From the entries below, write out exactly the lines between the line holding "In practice, GPU4PySCF" and the line holding "Hengyuanxiang 100% pure", inclusive, excluding any pictures.

= Data for this task =
★ ★ ★

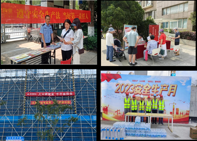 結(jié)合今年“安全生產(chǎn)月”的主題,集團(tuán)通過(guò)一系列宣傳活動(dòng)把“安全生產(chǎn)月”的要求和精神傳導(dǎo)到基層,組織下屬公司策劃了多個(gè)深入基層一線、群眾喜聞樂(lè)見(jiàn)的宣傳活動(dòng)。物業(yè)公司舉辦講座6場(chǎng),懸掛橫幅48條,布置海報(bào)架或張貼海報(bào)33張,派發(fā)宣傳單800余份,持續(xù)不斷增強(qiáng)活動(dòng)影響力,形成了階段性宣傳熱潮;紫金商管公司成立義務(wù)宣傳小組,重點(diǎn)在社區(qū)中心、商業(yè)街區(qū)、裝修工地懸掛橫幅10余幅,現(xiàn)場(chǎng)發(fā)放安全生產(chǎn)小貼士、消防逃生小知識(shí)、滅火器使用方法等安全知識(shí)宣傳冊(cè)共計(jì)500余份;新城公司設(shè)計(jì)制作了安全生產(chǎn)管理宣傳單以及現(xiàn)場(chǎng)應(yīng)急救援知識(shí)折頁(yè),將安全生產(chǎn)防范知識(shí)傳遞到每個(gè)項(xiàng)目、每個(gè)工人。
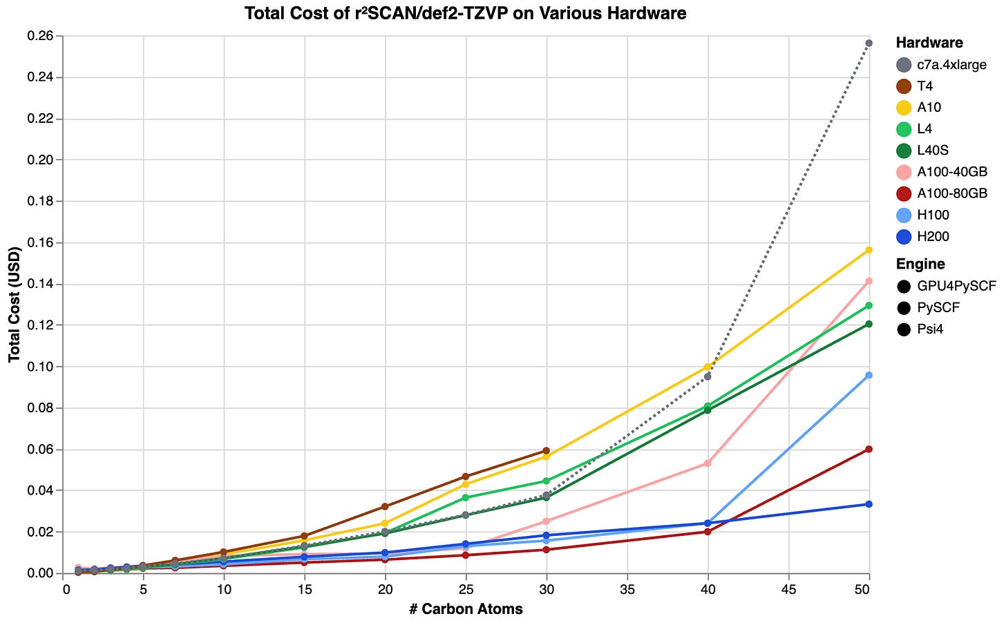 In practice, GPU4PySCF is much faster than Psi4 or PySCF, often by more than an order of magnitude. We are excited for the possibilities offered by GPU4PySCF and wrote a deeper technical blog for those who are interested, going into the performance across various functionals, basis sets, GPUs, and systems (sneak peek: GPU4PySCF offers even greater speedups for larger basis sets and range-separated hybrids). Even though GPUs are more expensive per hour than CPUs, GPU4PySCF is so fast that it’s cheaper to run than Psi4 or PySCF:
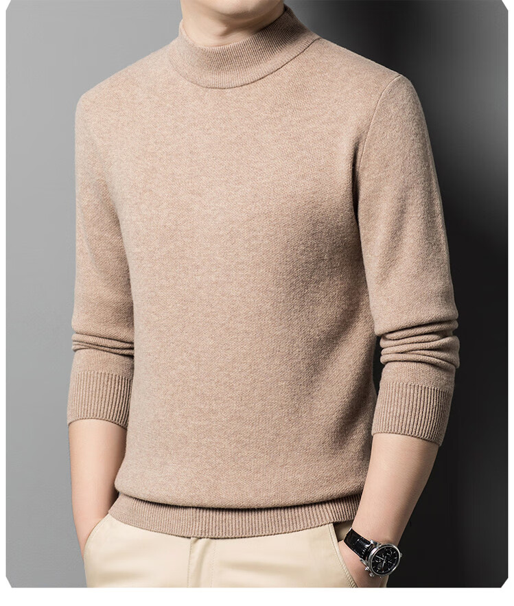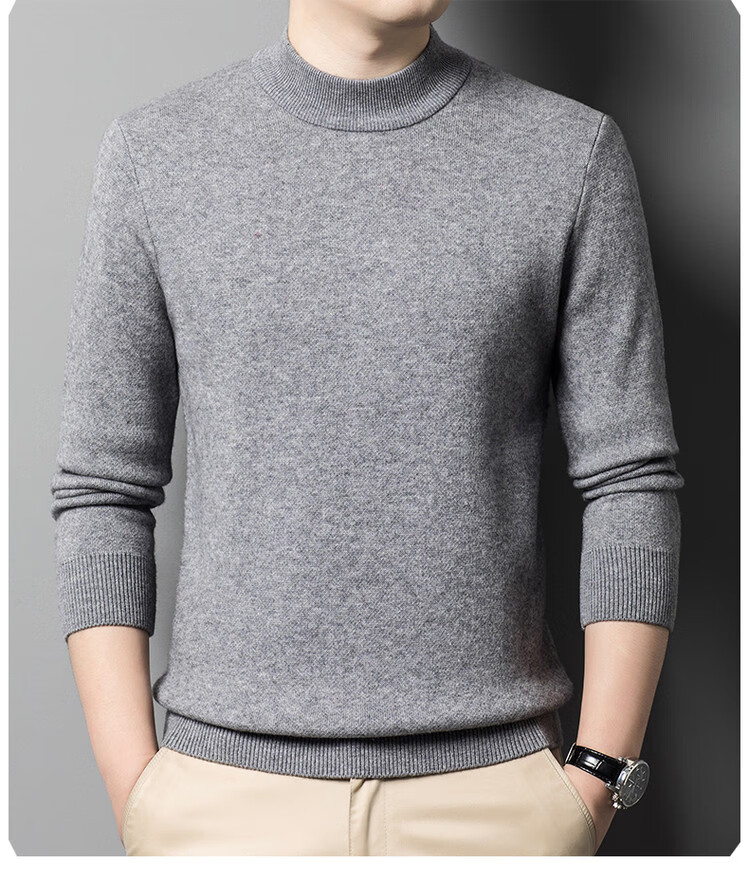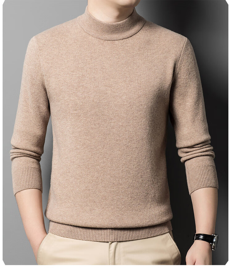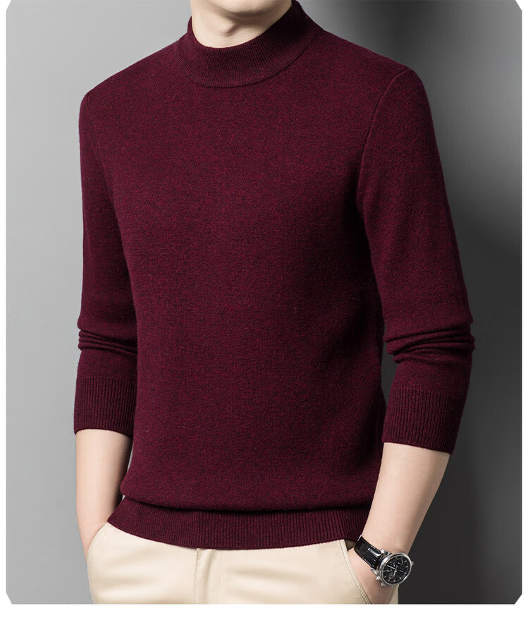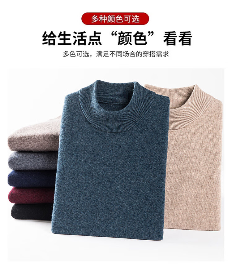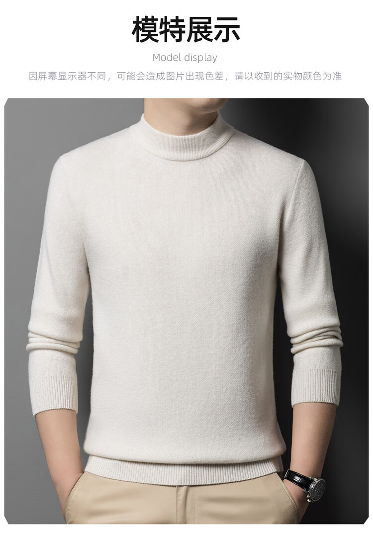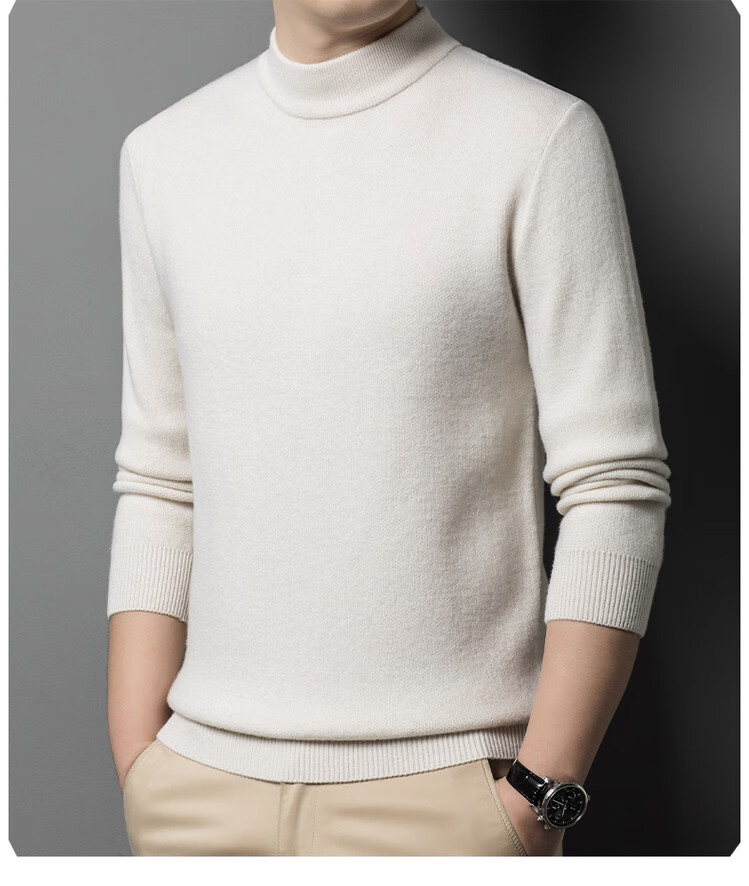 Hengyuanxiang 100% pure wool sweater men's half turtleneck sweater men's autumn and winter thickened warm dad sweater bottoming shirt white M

★ ★ ★

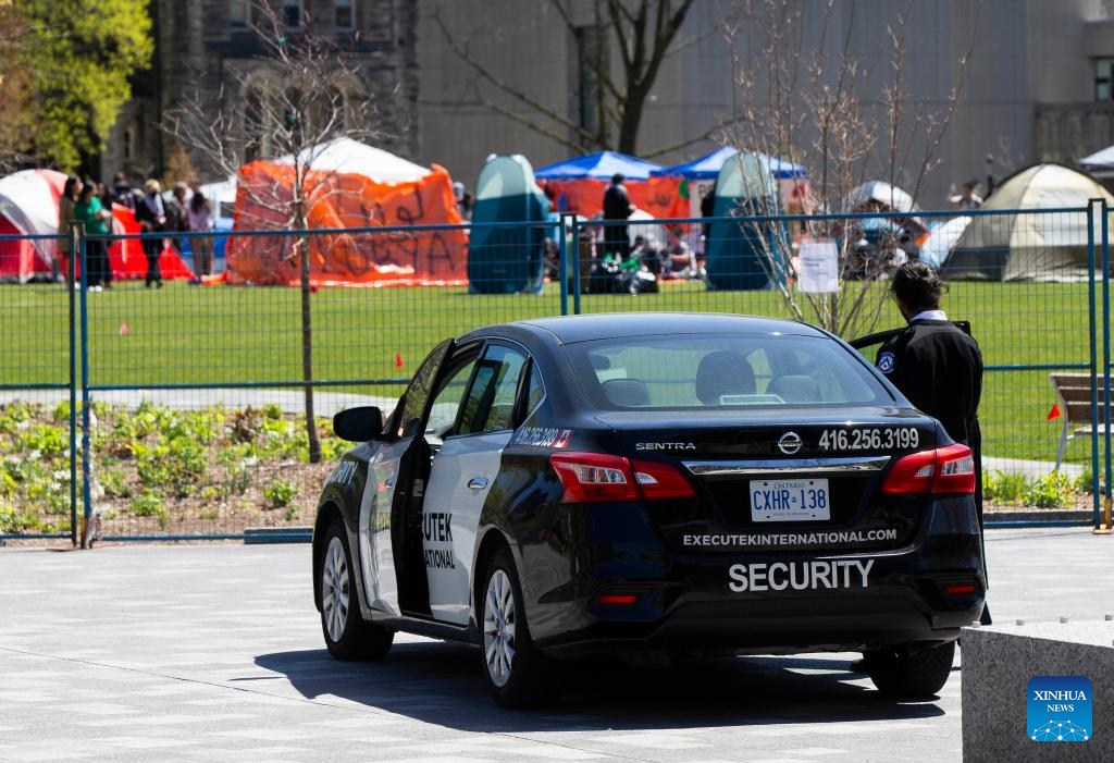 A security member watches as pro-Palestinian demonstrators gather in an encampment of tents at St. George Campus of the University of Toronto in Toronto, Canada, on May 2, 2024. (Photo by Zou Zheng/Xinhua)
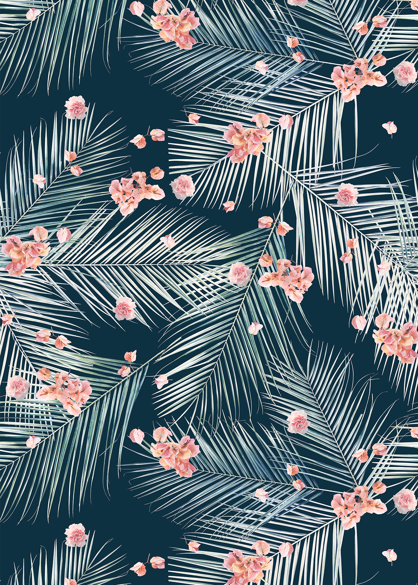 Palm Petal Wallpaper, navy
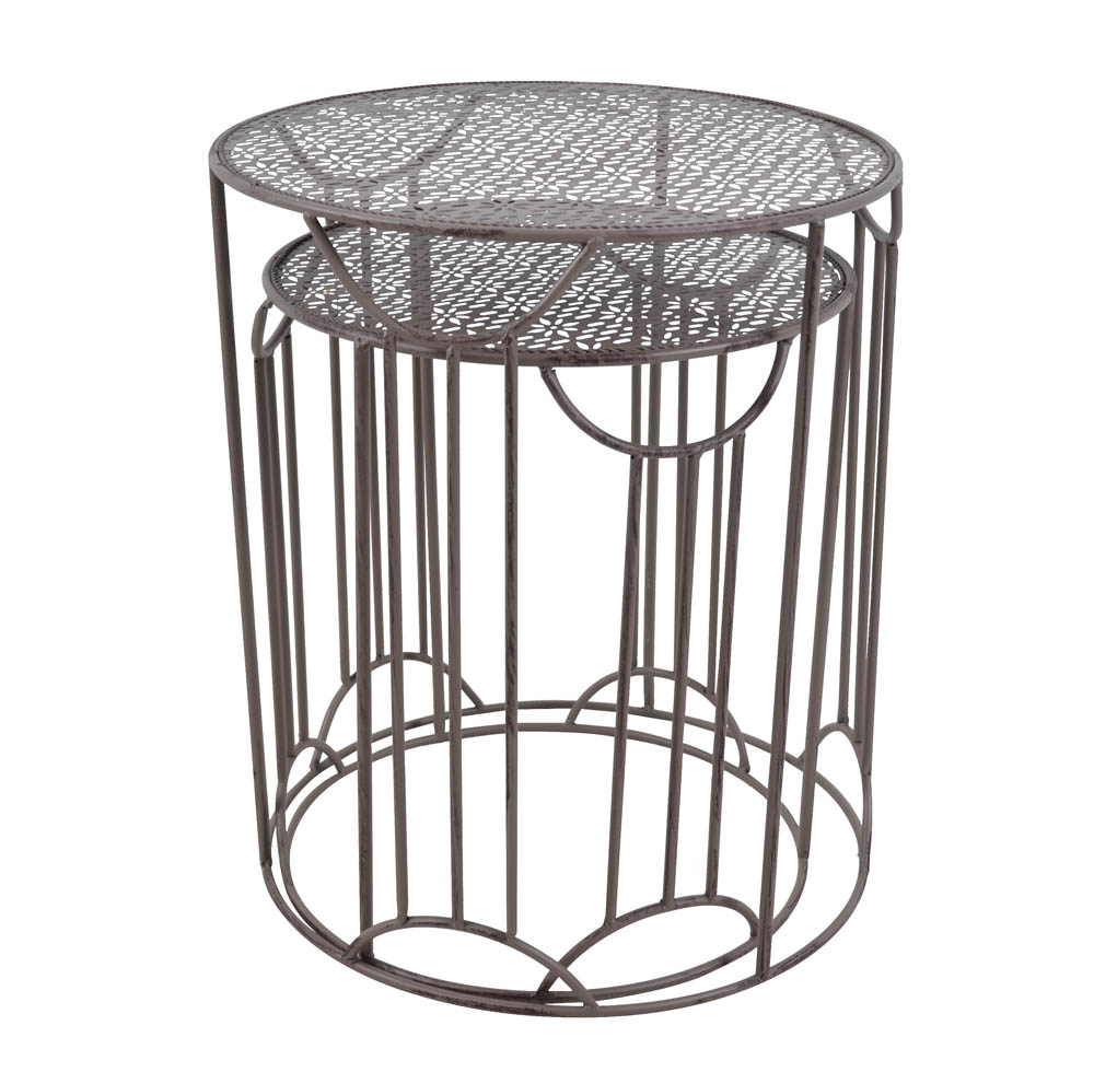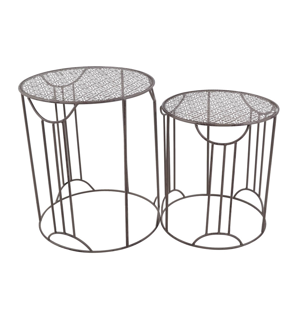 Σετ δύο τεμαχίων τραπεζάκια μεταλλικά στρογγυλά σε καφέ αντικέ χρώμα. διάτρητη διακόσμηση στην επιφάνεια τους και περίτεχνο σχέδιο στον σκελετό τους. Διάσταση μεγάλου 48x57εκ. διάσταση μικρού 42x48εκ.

★ ★ ★

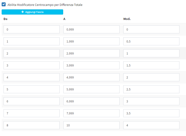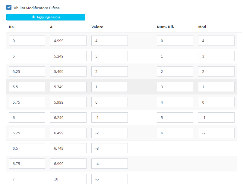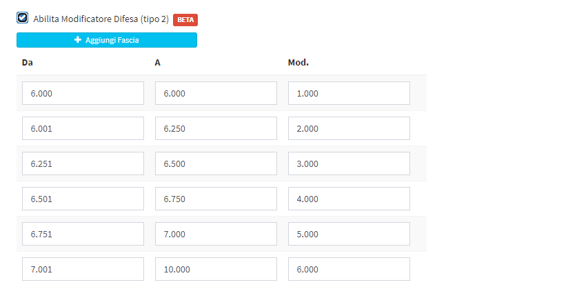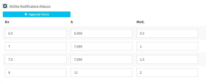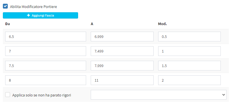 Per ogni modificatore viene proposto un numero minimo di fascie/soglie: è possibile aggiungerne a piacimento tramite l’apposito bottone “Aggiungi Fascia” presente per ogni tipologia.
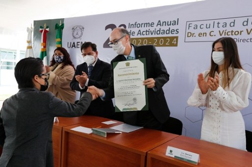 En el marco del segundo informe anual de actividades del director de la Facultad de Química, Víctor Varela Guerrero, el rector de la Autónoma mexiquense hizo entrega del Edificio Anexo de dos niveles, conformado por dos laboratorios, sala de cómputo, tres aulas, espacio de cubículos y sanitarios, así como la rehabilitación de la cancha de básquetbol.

★ ★ ★

= Output below =
 In practice, GPU4PySCF is much faster than Psi4 or PySCF, often by more than an order of magnitude. We are excited for the possibilities offered by GPU4PySCF and wrote a deeper technical blog for those who are interested, going into the performance across various functionals, basis sets, GPUs, and systems (sneak peek: GPU4PySCF offers even greater speedups for larger basis sets and range-separated hybrids). Even though GPUs are more expensive per hour than CPUs, GPU4PySCF is so fast that it’s cheaper to run than Psi4 or PySCF:
 Hengyuanxiang 100% pure wool sweater men's half turtleneck sweater men's autumn and winter thickened warm dad sweater bottoming shirt white M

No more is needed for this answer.